– Бубукин-игрок рано закончил карьеру?
– Конечно! Как-то прочитал: Бубукин рано ушел из футбола потому, что кричали: «Лысый, давай, играй!» и, мол, это давило на психику. Я с этим выводом согласен!
– Бубукин, рано потеряв волосы, выделялся не только негустой шевелюрой, но и особой пластикой.
– В Бубукина-футболиста я влюбился и потому, что он, начав играть за «Локомотив», уже был лысый. Правда, сам за «железнодорожников» не болел, но всегда следил за их лысым «лосем», который пёр и которого мало кто мог остановить.
– Когда он появился в большом футболе, сразу стал заметен. И внешне, и по пластике, а еще заряжал энергией партнеров по команде и зрителей на трибунах, всегда и сразу электризовал игру.
– «Внешне» имеете в виду то, что Бубукин очень рано облысел?
– Да, конечно. Драйвовое поведение с ним не ассоциировалось. Он, напомню, был само движение.
«…В дачной местности, где я живу, годы и годы каждый уик-энд ознаменовывался футболом на поляне. И у нас был свой «Бубукин» – я очень долго даже не знал его настоящего имени: «Бубукин» и «Бубукин». Играл он, кстати, хорошо – и напоминал оригинал не только прической, но и неуемной энергозатратой.
Самое смешное, что под фамилией «Бубукин» (с добавлением, правда, что по профессии дачный «Бубукин» – инженер) наш переделкинский сосед в итоге вошел в историю. Поэт Евгений Евтушенко тоже участвовал в матчах на поляне – и придал, что свойственно ему, масштаб этим скромным соревнованиям, пригласив в одно из воскресений к себе Хомича и Сальникова. Благодаря чему местный «Бубукин» получил шанс выступить вместе со звездами. Но партнерством с классиками футбола и литературы дело не ограничилось. В 1991-м, в день противостояния у Белого дома, Евтушенко во время утренней пробежки встретил «Бубукина»…»

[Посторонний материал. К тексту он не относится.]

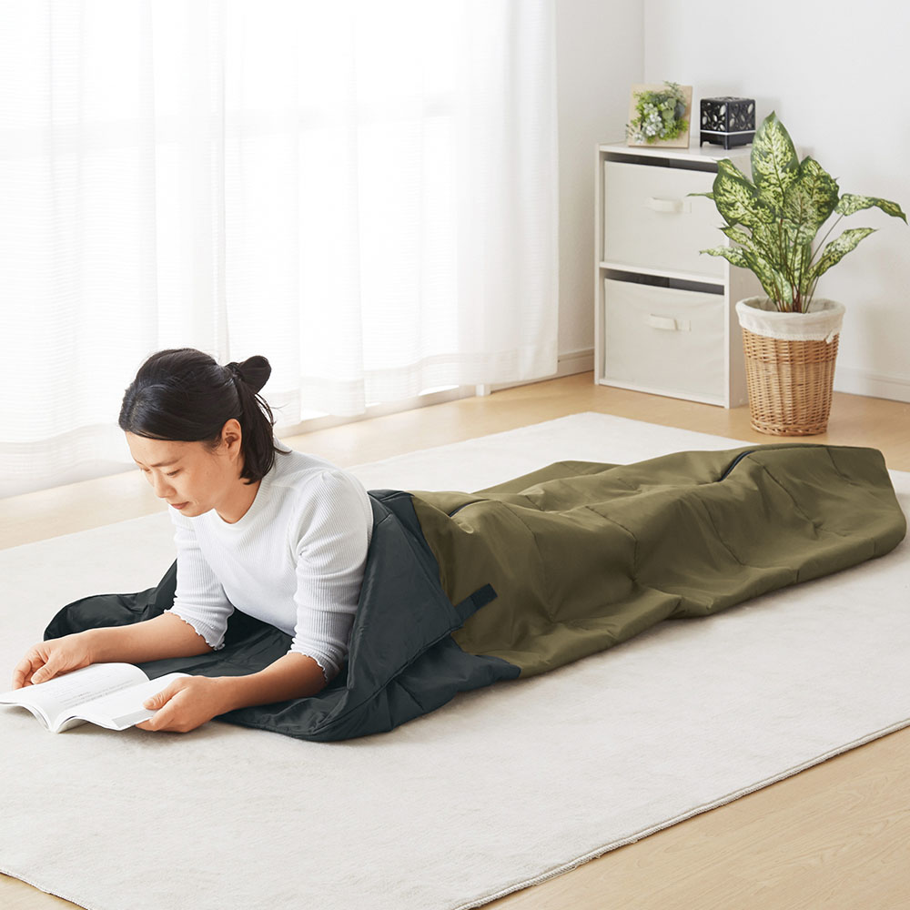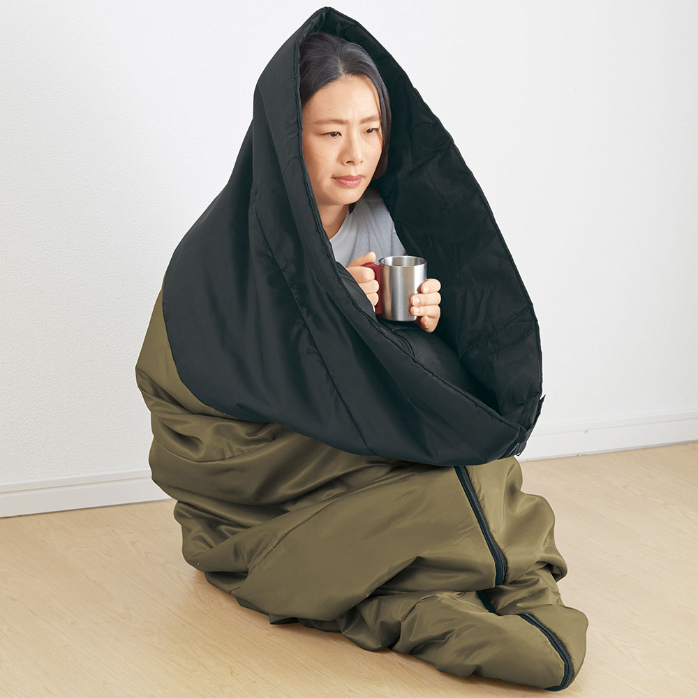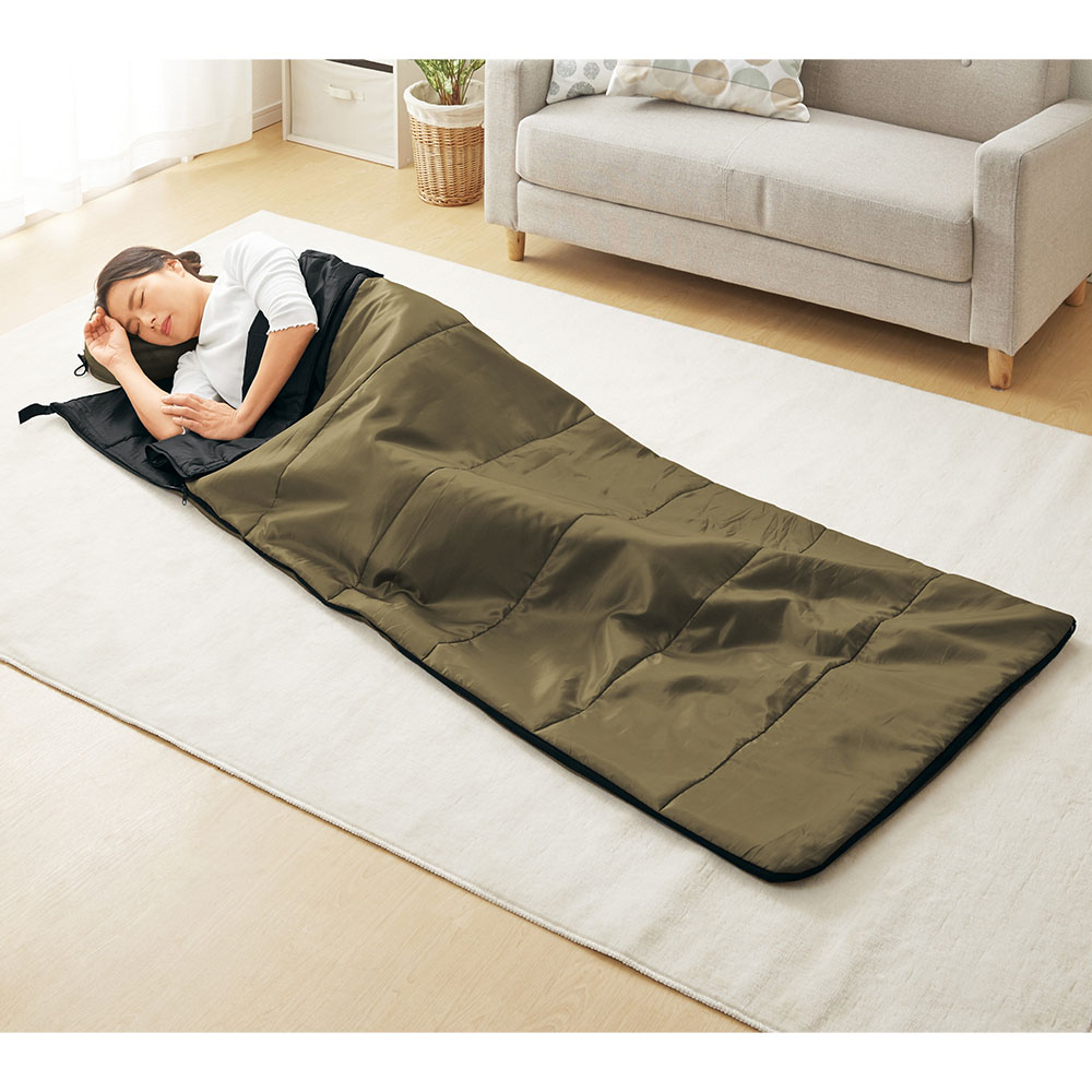 薄くて軽く、足元ゆったりの筒型の寝袋です。収納袋に入れて小さくコンパクトになり、持ち運びも便利です。広げて使えば軽くて暖かい掛け布団に。キャンプや車中泊、防災の備えに。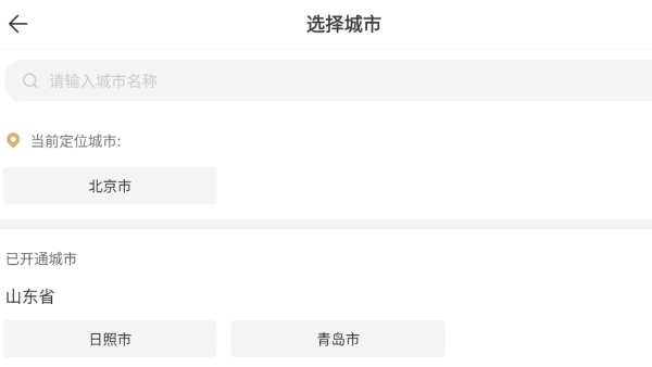 3、使用(yong)前需(xu)要(yao)先选择城市,直(zhi)接(jie)搜索或者定位(wei)都可以。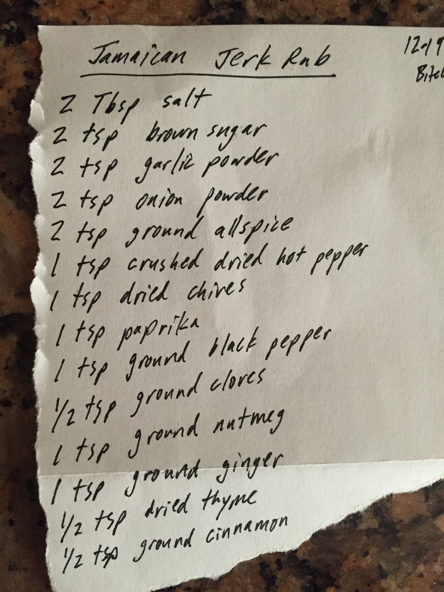 Jerk chicken, from Jamaica, Mon. Easiest way is to buy a jar of Walkerswood Jerk seasoning (actually a paste). It's hot though. Contains Scotch Bonnets. Grace is good too. The WW Mild is VERY mild. Smear it on the chicken (wear gloves!), put the chicken in a zip bag and into the fridge for a couple of hours. 400° direct.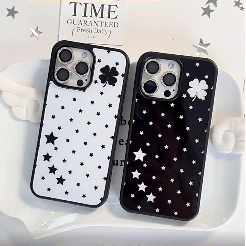 INS Fashion Black White Simple Star Luckily Grass Phone Case for iPhone 16 15 14 13 12 11 ProMax Phone Advenced MINI Cover Capa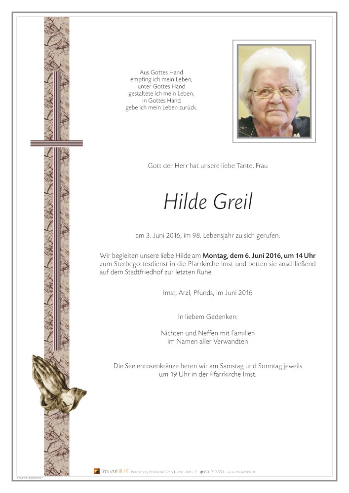 Am Heimgang Eurer lieben Tante Hilde möchten wir Euch allen unser aufrichtiges Beileid aussprechen! Möge Euch der Herrgott viel Kraft schenken in dieser schweren Zeit! Wir werden Hilde stets in lieber Erinnerung behalten!
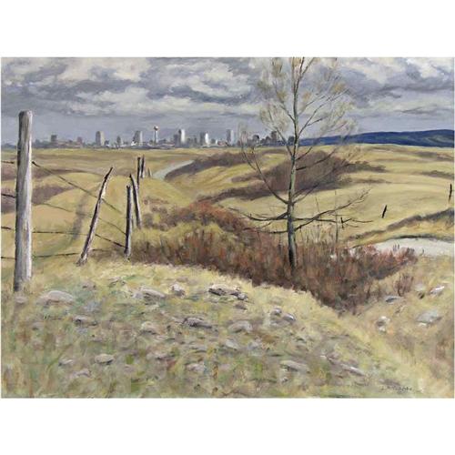 Canadian ASA [1900-1980] CALGARY FROM COUNTRY oil on board 18 x 24 in. (45.7 x 61 cm) signed & titled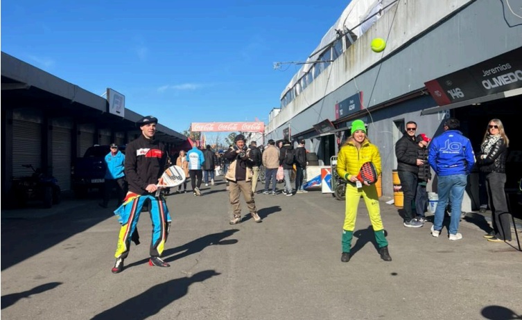 El piloto de Rivera realizó un calentamiento en los boxes del autódromo probando las nuevas paletas Onyx de Bullpadel y aprovechó para regalar gorras y accesorios al público y a sus compañeros de parrilla.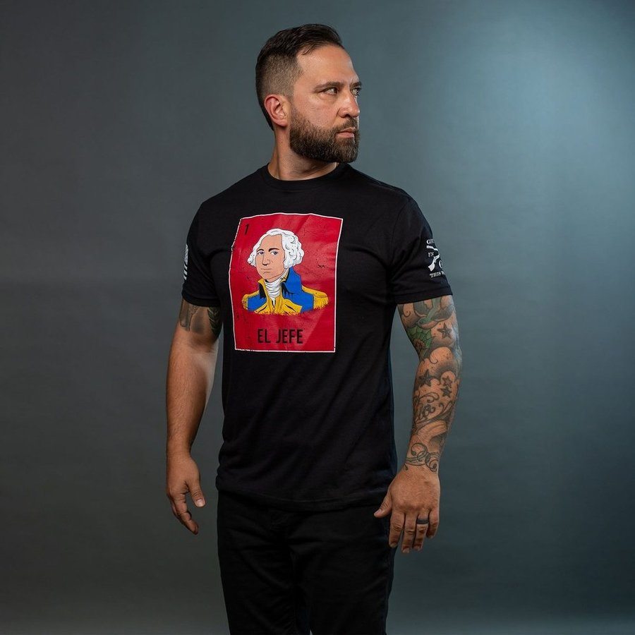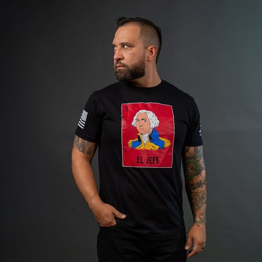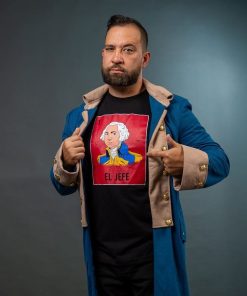 The “El Jefe” T-Shirt in Black blends the boldness of George Washington with the vibrant energy of LoterĂa, all with a Grunt Style twist. This shirt celebrates leadership, power, and cultural pride, drawing inspiration from both American history and traditional LoterĂa imagery.Â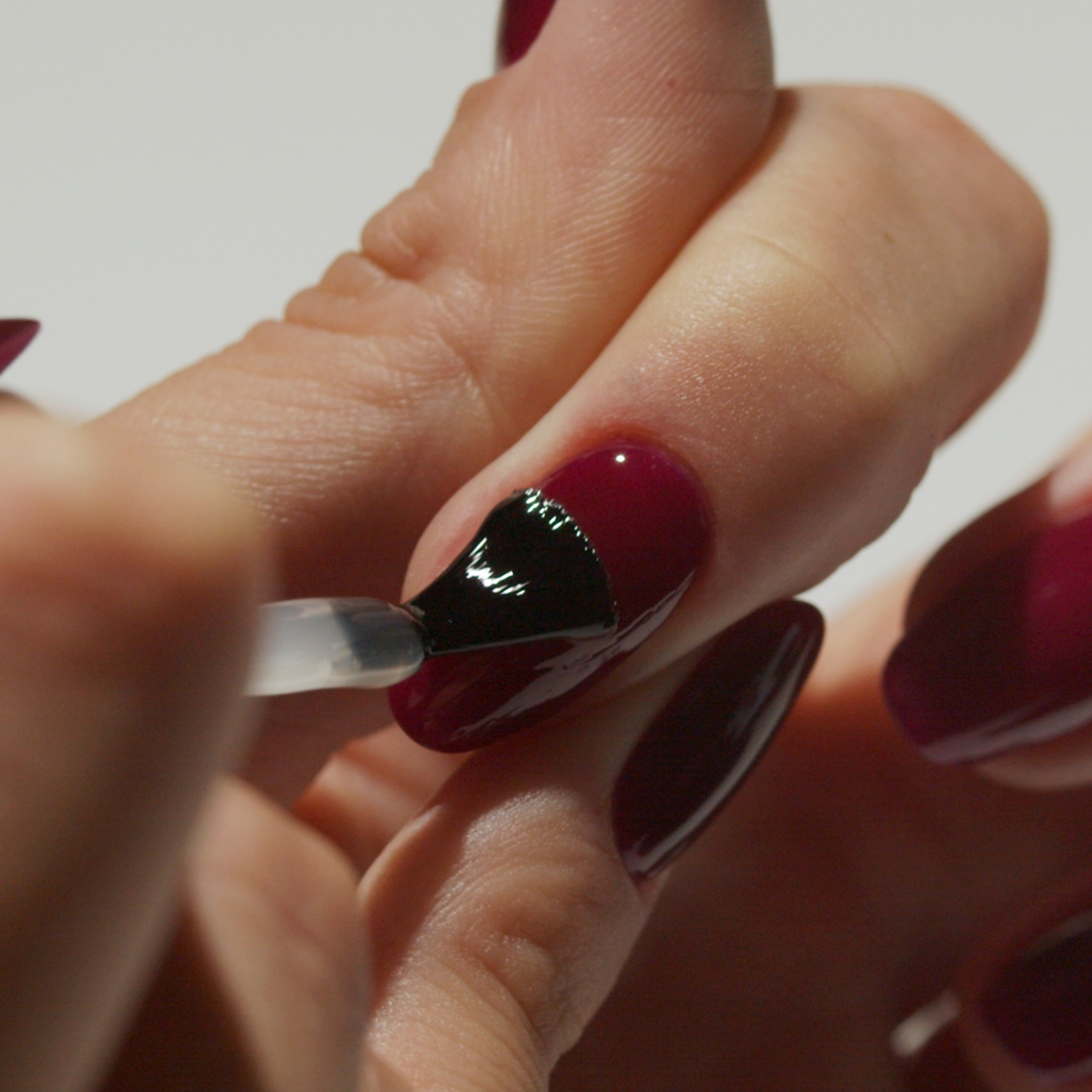 Make sure to work with only a small amount of gel on your brush for a flawless application. Use the sides of the bottleneck to wipe off any excess gel. Start by applying the colour to the centre of the nail. Slide the gel up towards the cuticles without touching them. With long and fluid strokes, glide the gel down the sides of the nail to the tip.

«…Какой реформатор в России не становился или жертвой своих реформ, или… или их палачом. Так размышлял я на пробежке в переделкинском утреннем лесу, перепрыгивая мощные жилы корней, проступающие на тропинке, и вдруг увидел в зеленом тоннеле просеки бегущую ко мне навстречу фигурку в красной выцветшей майке, в шортах, потерявших цвет, из под которых торчали обутые в кеды, просящие каши, резко и деловито работающие ноги с футбольными – негромоздкими, но впечатляющими мускулами, покрытыми золотой шерстью, как елочной канителью. Вокруг головы распространялось некое мерцание, как на картинке из дореволюционной рождественской «Нивы». По мере приближения я определил, что мерцание располагалось не вокруг головы, а на самой голове и, следовательно, к разновидности ореолов не принадлежало. Это была красноватая, полированная лысина, на которую природа швырнула полную горсть веснушек, окружив их, как золотым венчиком, остатками когда-то пышных кудрей.